At the Start~
I want something I’ve never had before. I want something I don’t think I’ll ever achieve. I don’t say this to sound pessimistic. Rather, realistic. As I don’t know what it is.
I have an emptiness inside me. That proverbial hole so many others have talked about before. It is a lot more common than most like to believe.
And I have one too.
I have tried to fill it many times over. With all sorts of things. Some good, some bad.
Some self-destructive and some rejuvenating. But no matter how much I stuff that hole it doesn’t stay filled long.
Within a week or two, I am right back to where I was before. Trying to fill that hole with something else. With something I hope will last longer than the one before.
It used to be reading. I used to be able to read a 300-page book in a day. I just read and read and read. Now I struggle just to make it through the first 100 pages of a book before I give up.
For a while in college, I made woven wall hangings. I loved it. I had always loved weaving and I was able to create a new piece every other day.
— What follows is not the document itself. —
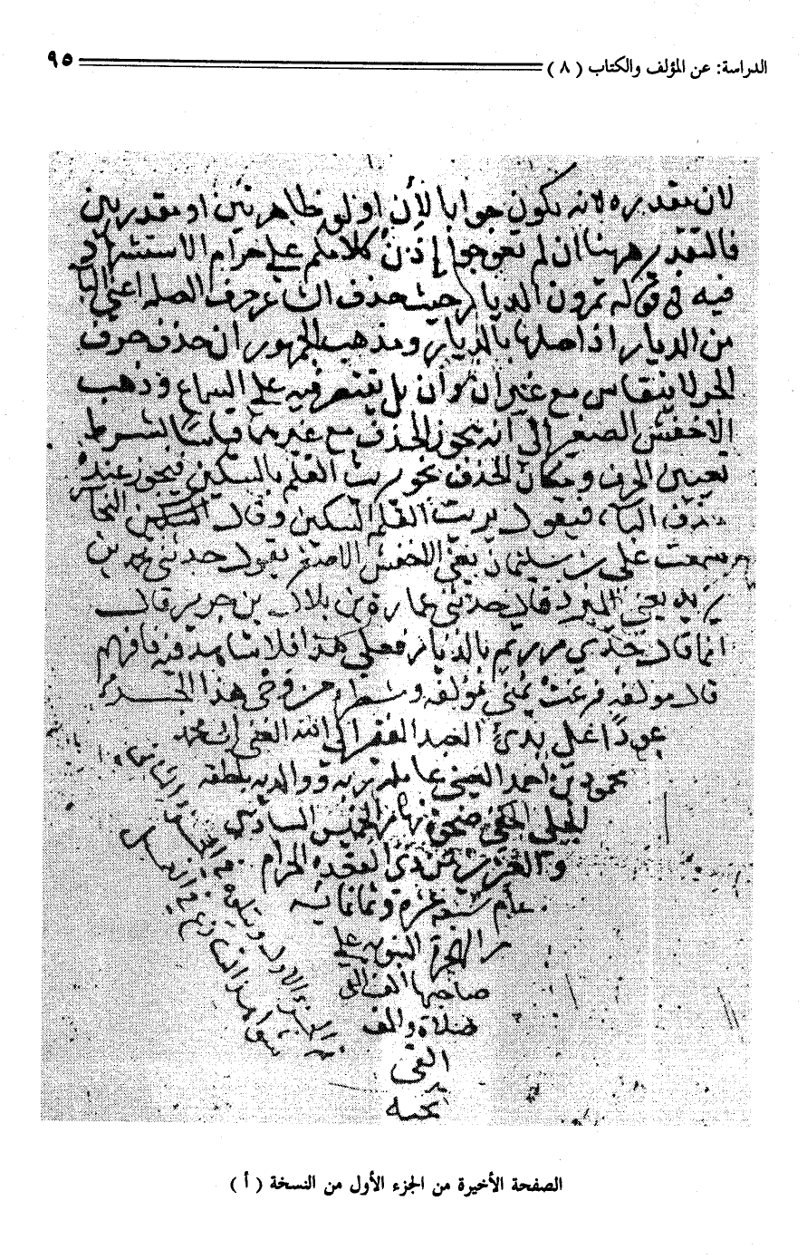 الصفحة الأخيرة من الجزء الأول من النسخة (أ)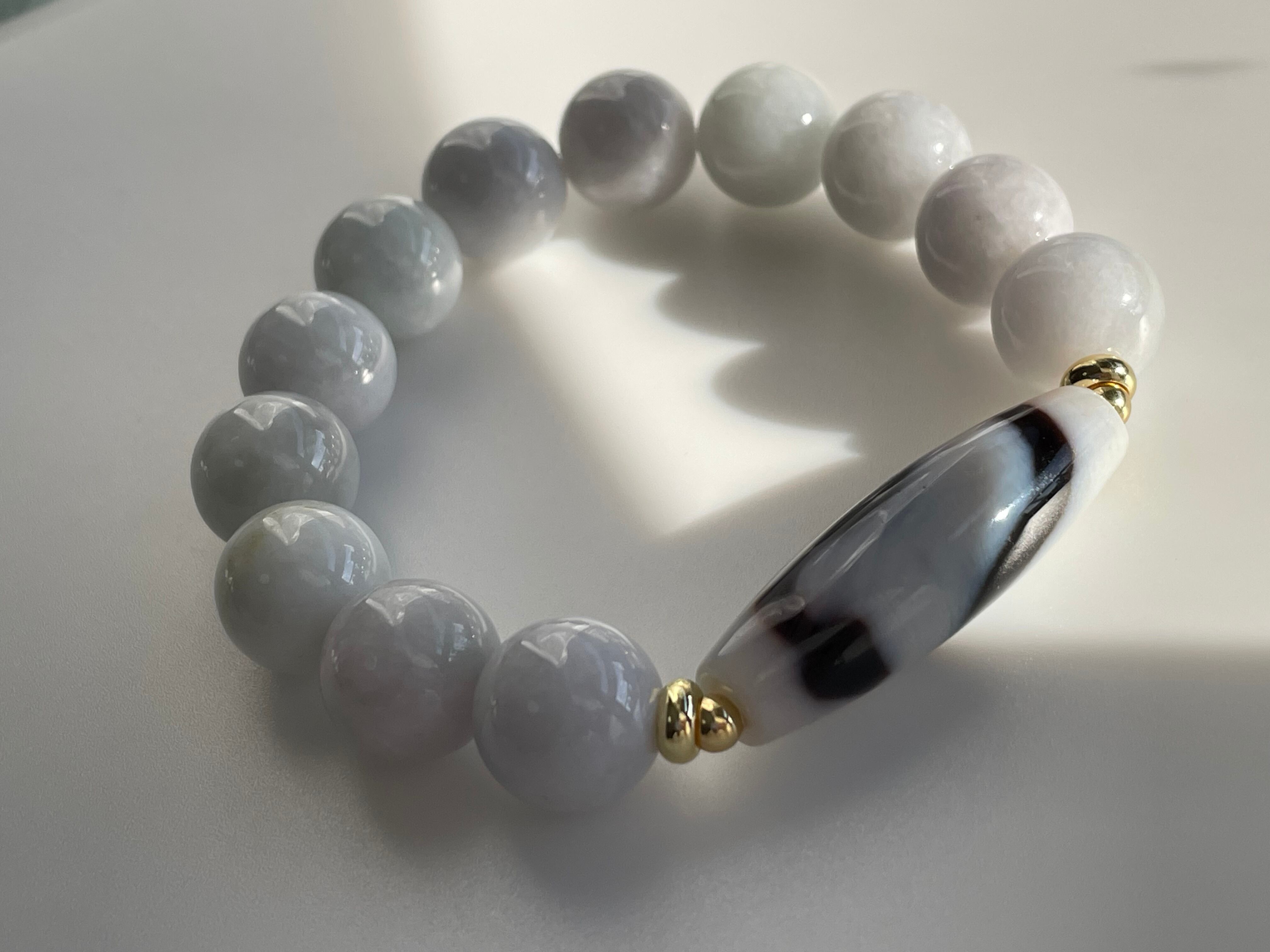 糸魚川翡翠 至純天珠 白蛇天珠 デザインブレスレット

I have a piece on my loom that has been there for nearly a year and I haven’t touched it.
I’ve tried writing, I’ve done some really shitty blogging (lol), I’ve lost myself in that dark hole of Youtube and Tumblr. I tried being creative. I’ve purged my room over and over, getting rid of things I don’t need or what. I’ve gone on spending sprees trying to fill that hole just a little. I’ve tried every self-care tip I’ve seen.
I hate to say I am depressed because I can still function. Albeit very shitty functioning but functioning nonetheless.
There are just so many things I want to do. So many things I want to achieve, accomplish. But I just can’t maintain it.
I am stuck with this level of exhaustion that doesn’t lift with any amount of sleep. Tiredness that just sits behind my eyes. Sleepless nights are adding up. Guilt that rests on my shoulders for my inability to feel productive.
Some days all I can do is the bare minimum, wake up, drink coffee, go to work, come home and go back to bed. I procrastinate like you wouldn’t believe. Just doing one thing after another instead of what I actually want to do. I can’t seem to trick my mind into doing what it wants.
But after putting into words what I have felt. What I am experiencing. Has helped me immensely.
Putting into words my struggles helps me deal with them. They are no longer dark muddle things crowding my mind, but tangible issues I can deal with head on(not really, let’s be real). But I can try.
I’ve found that I need to just grab each moment as it comes. I don’t think I can ever really live life in the moment as I do like to plan things out. But I am learning to just go with the flow sort of… Like the other night I had a burst of inspiration for a new weaving and I just took it and and worked on it for nearly 3-4 hours and it helped me fall back in love with weaving.
It made me feel happy. And I think the whole point of me writing this is that I need to just take the happy moments I have and cherish them and live with the fact that I am not going to be happy 100% all the time. That I am going to be sad, and empty and live with this hole in me. And that is OK. This is just who I am.
For any of you out there that feel this way and that deal with an empty hole in you that you can’t ever seem to fill, take this as a comfort that you’re not alone. There are plenty of people out there just like you, dealing with it, the same as you.